Power Control Unit (PCU)
The rudder PCU consists of an input shaft / crank mechanism, a dual concentric servo valve to control porting of the fluid to the rudder actuator, and a yaw damper actuator. The rudder actuator is a tandem actuator, having two internal piston areas for each hydraulic source (A & B). The actuator is capable of positioning the rudder panel with either one or both main hydraulic sources available, though with one source inoperative a reduced rudder panel deflection would result due to blowdown at higher airspeeds.

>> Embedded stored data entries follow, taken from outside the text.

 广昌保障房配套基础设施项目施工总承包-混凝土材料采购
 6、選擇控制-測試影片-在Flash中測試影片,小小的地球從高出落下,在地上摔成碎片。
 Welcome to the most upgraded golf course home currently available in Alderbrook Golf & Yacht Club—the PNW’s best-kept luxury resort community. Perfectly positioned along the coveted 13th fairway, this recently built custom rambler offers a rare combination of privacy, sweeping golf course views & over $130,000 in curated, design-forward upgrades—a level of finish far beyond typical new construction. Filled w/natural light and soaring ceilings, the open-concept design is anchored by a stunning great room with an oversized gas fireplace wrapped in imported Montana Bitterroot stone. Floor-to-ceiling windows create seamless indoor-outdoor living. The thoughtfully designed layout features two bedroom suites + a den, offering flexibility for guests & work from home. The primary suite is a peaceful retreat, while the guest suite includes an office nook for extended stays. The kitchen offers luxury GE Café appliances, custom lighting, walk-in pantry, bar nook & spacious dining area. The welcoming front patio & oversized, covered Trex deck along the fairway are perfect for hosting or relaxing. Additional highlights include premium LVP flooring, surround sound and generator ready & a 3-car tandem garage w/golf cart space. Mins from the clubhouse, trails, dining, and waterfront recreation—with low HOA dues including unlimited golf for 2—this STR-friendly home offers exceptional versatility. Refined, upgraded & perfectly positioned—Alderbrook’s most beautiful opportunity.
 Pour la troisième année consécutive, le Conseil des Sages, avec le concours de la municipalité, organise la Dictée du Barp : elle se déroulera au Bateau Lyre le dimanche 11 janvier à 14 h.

Flow of hydraulic fluid to the rudder actuator is controlled by the dual servo-valve. This is a complex dual concentric cylinder with an outer and inner slide. During normal rudder pedal inputs sufficient rudder panel deflection is catered for by the primary (inner) valve alone. However, should a larger panel deflection be required or a higher rate rudder input be commanded, the secondary (outer) sleeve moves in addition to port extra fluid to the actuator. Movement of the outer sleeve is typically no more than 1mm. Position of both sleeves of the servo valve is controlled by a complex mechanism of bell cranks, input rod and summing lever, the geometry of which is such as to provide movement of the sleeves in relation to the body of the valve.

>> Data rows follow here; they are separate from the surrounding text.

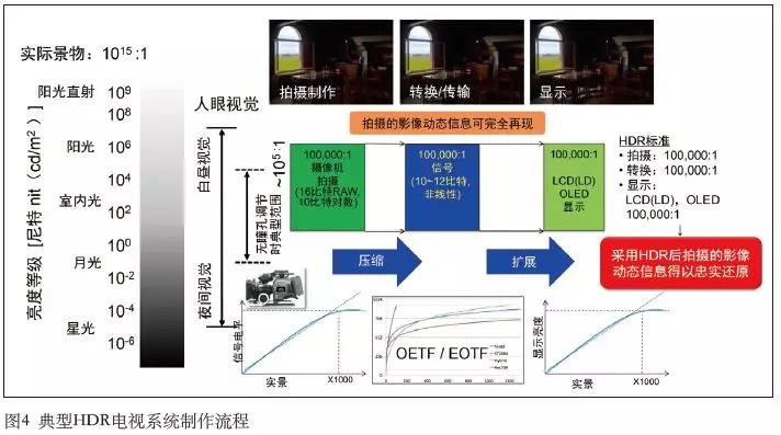 在SDR內(nèi),無法再現(xiàn)人眼所見的全部亮度動(dòng)態(tài)范圍,電視再現(xiàn)的人物或者主體亮度大約控制在幾十尼特,超過100 nt的高亮部分無法正常顯示,導(dǎo)致部分高亮區(qū)域的灰度層次丟失(過曝)。HDR則建立了比SDR更大的色彩/亮度體系,并改變系統(tǒng)的傳輸函數(shù),從而再現(xiàn)更大的色域和更高的亮度動(dòng)態(tài)范圍,達(dá)到人眼可識(shí)別的最大對(duì)比度100 000:1。典型HDR電視系統(tǒng)制作流程見圖4。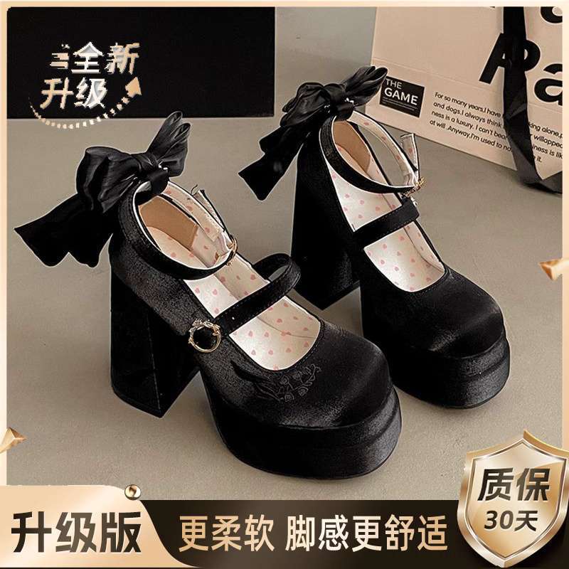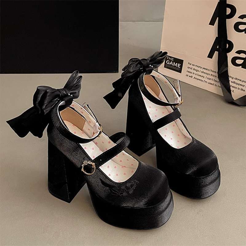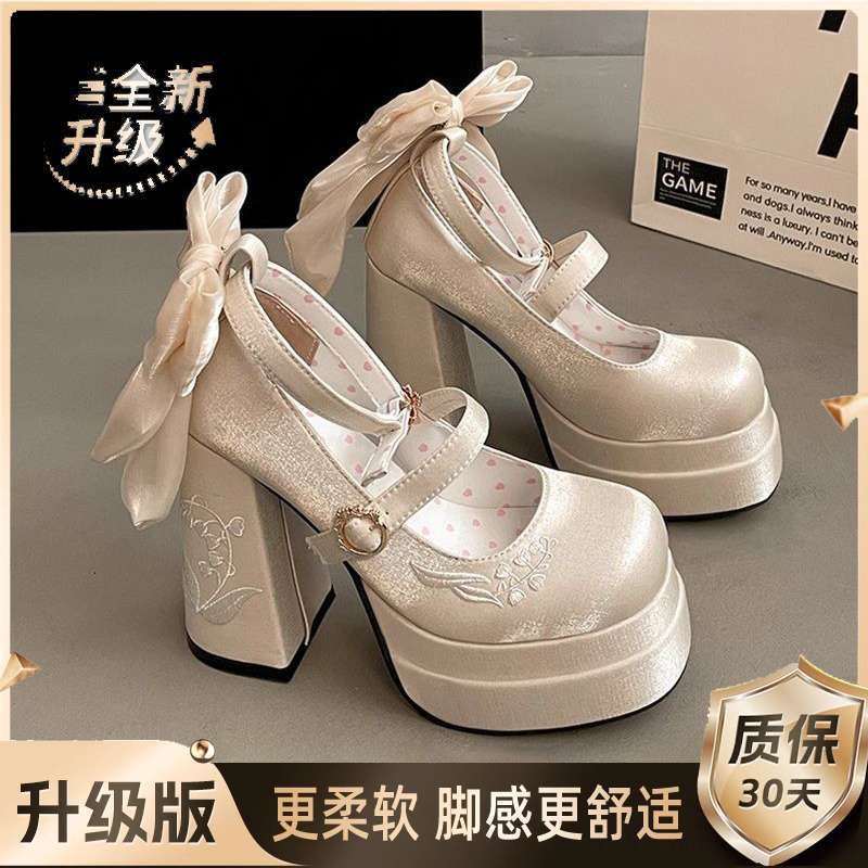 Водонепроницаемые элегантные туфли Мэри Джейн с атласным бантом, новая нишевая модель 2025 года, вышивка ландышей, высокие каблуки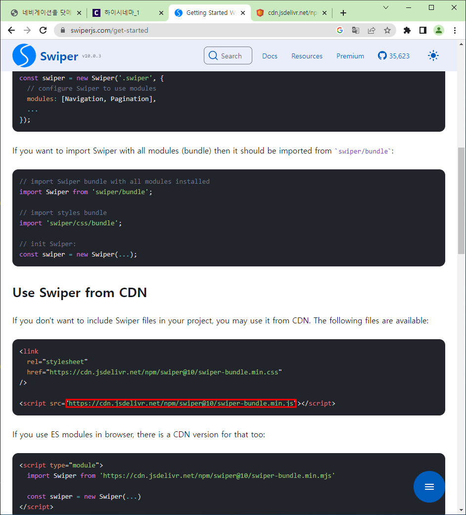 swiper.css파일 새로 만들어서 복사한 것 붙여넣기

The 737NG also has a standby rudder PCU that moves the rudder during manual reversion operation. The wheel-torudder interconnect system (WTRIS) will coordinate (assist) turns by using the standby rudder PCU to apply rudder as necessary based upon the Captains control wheel roll inputs. From experience, I can verify that this makes the NG much easier to handle in manual reversion than previous generations.
YAW DAMPER
The yaw damper is incorporated to prevent Dutch roll. It is connected in parallel with the main servo valve and includes its own actuator, powered by hydraulic system B. This actuator applies its own input to the input shaft / crank mechanism to bring about a movement of the servo-valve and hence a rudder panel deflection. No pedal movement results from yaw damper operation. Total authority of the yaw damper is approximately +/-2.5 degrees.
NGs: The 737-NGs also have a standby yaw damper; it uses the standby rudder PCU, with commands from SMYD 2 and powered by the standby hydraulic system. SMYD 1 controls the main yaw damper with hydraulic system B. Note: Only inputs from the main yaw damper are shown on the yaw damper indicator.

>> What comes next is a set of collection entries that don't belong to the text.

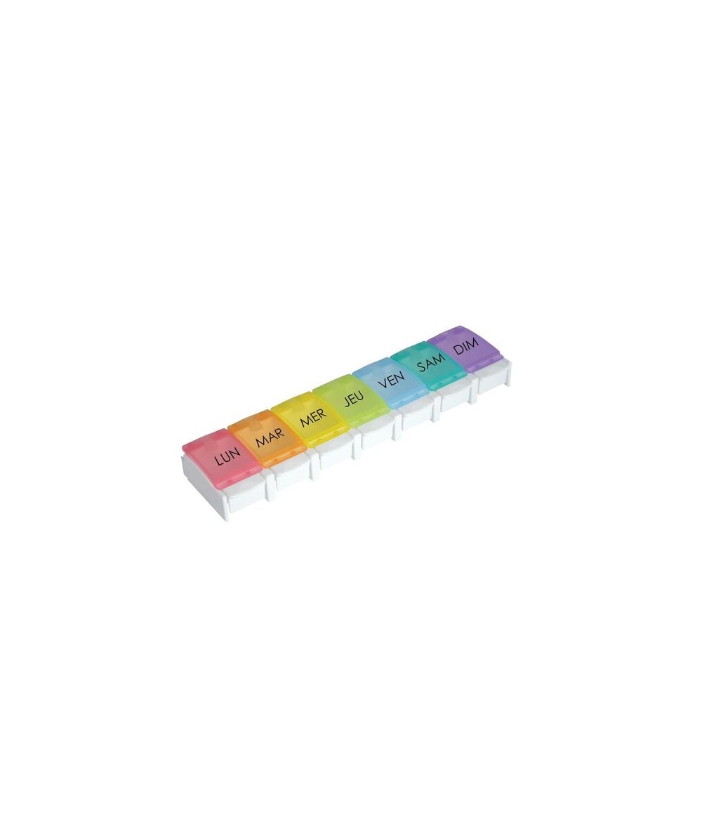 Pastillero de fácil apertura para personas con dificultades de agarre: basta con pulsar el botón correspondiente a la caja. Dimensiones : 22 x 5.5 x 2.5cm. Dimensiones de compartimento : 3 x 3.5 cm.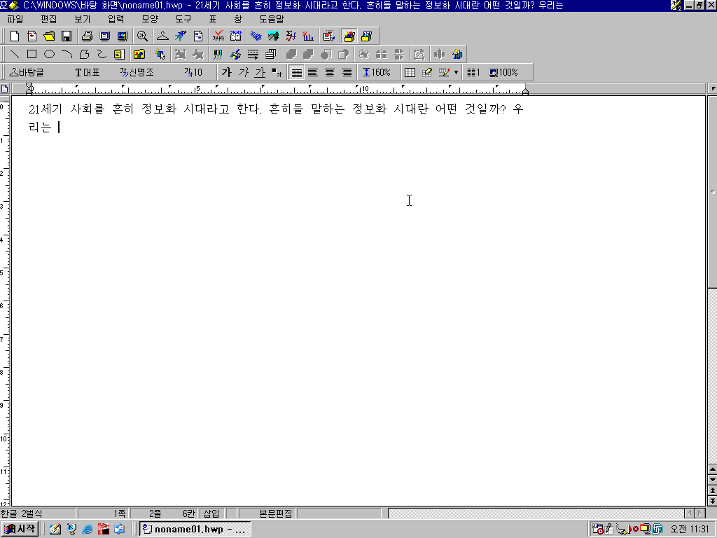 바탕화면의 noname01.hwp 문서도 열어보았습니다. 21세기 사회를 흔히 정보화 시대라고 한다. 로 시작하는, 작성하다 만 문서였습니다. 정보화 시대.. 어렸을 때 참 많이 듣던 말이었죠. 이 문서를 작성할 때는 아직 20세기였을 겁니다.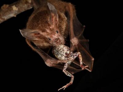 在巴拿马的巴洛科罗拉多岛上,一只粗面蝠大啖一只南美泡蟾。 PHOTOGRAPH BY CHRIST...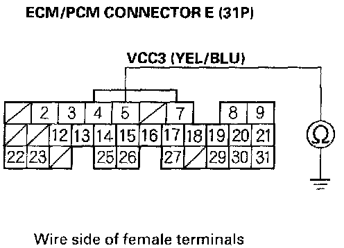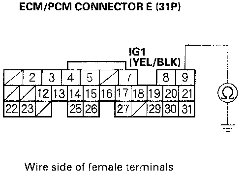 15. Check for continuity between ECM/PCM connector terminal E31 and body ground.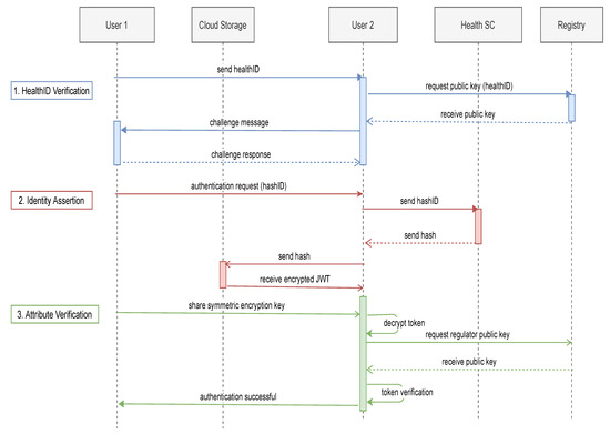 - Identity Assertion: In this step, identity assertion is used by the patient to authenticate the provider. The provider sends the hashID of the required identity token. The patient uses the hashID to receive the corresponding hash from the provider’s Health SC using the retrieve_hash function. This allows the blockchain to keep a record of each authentication taking place. The patient then uses the hash to retrieve the identity token (JWT) from cloud storage.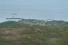 Skutvika or Skutvik is a small village in the municipality of Hamarøy in Nordland county, Norway. The village is situated at the southwestern extreme of the Hamarøya peninsula, about 90 kilometres (56 mi) north of the town of Bodø, 95 kilometres (59 mi) southwest of the town of Narvik, and 40 kilometres (25 mi) south of the town of Svolvær. To the west and south of Skutvik is the Økssundet, a sound connecting the Sagfjorden and Vestfjorden. The landscape in the immediate vicinity of the village is dominated by hills, while further north a row of mountains rises up to 950 metres (3,120 ft) above sea level.

Rudder Pressure Reducer (RPR) - 3/4/500
To limit the effects of various PCU failure modes (pre-RSEP), a rudder pressure reducer (RPR) was fitted to the Asystem pressure side of the rudder PCU. This is simply a pressure reducing valve, which operates during the majority of flight phases to reduce the total authority of the rudder panel by approximately one-third. The B-system portion of the rudder PCU is unaffected by the RPR, as is yaw damper operation
During certain critical phases of flight when full rudder authority may be required, the RPR provides full system pressure (3000psi from 1800psi) to the rudder PCU. These are: -
a) During take-off below 1000’ Rad.alt.
b) During approach below 700’ Rad.alt.
c) If a difference of >45% N1 exists between power units.
d) If B-system hydraulic pressure is lost.
Whilst correct functioning of the RPR is transparent to the flight crew, certain cockpit indications can be helpful in verifying correct operation and faults alike; the A system flight controls low pressure warning light now has two additional functions related purely to the RPR; on initial application of pressure to hydraulic system A, the lowpressure warning light should remain illuminated for 5 seconds. If the light extinguishes immediately then a fault may be present within the RPR. Incorrect mode switching of the RPR is also indicated by illumination of the light on approach below 700ft RA, indicating that full pressure is not available to the A-system portion of the rudder PCU. A further associated failure of hydraulic system B and an asymmetric thrust condition may result in insufficient rudder authority to maintain directional control
Digital Yaw Damper Coupler
The yaw damper coupler comprises the control electronics and yaw rate gyro. A digital yaw damper coupler helps reduce the possibility of electro-magnetic interference (EMI). Turn co-ordination is provided by reducing the gain of the yaw-rate gyro in proportion to bank angle detected from the IRU. In this way during a turn the yaw damper coupler is “tricked” into believing the aircraft is yawing into the turn and provides an increased rudder input. The coupler is sensitive only to yaw rates that produce Dutch Roll. Note that the yaw damper coupler controls and monitors both the RPR (Sys A) and RPL (Sys B) of the main rudder PCU, a de-activated yaw damper also renders the RPR & RPL inoperative. For this reason higher block manoeuvring speeds are used when the yaw damper is u/s (not NGs).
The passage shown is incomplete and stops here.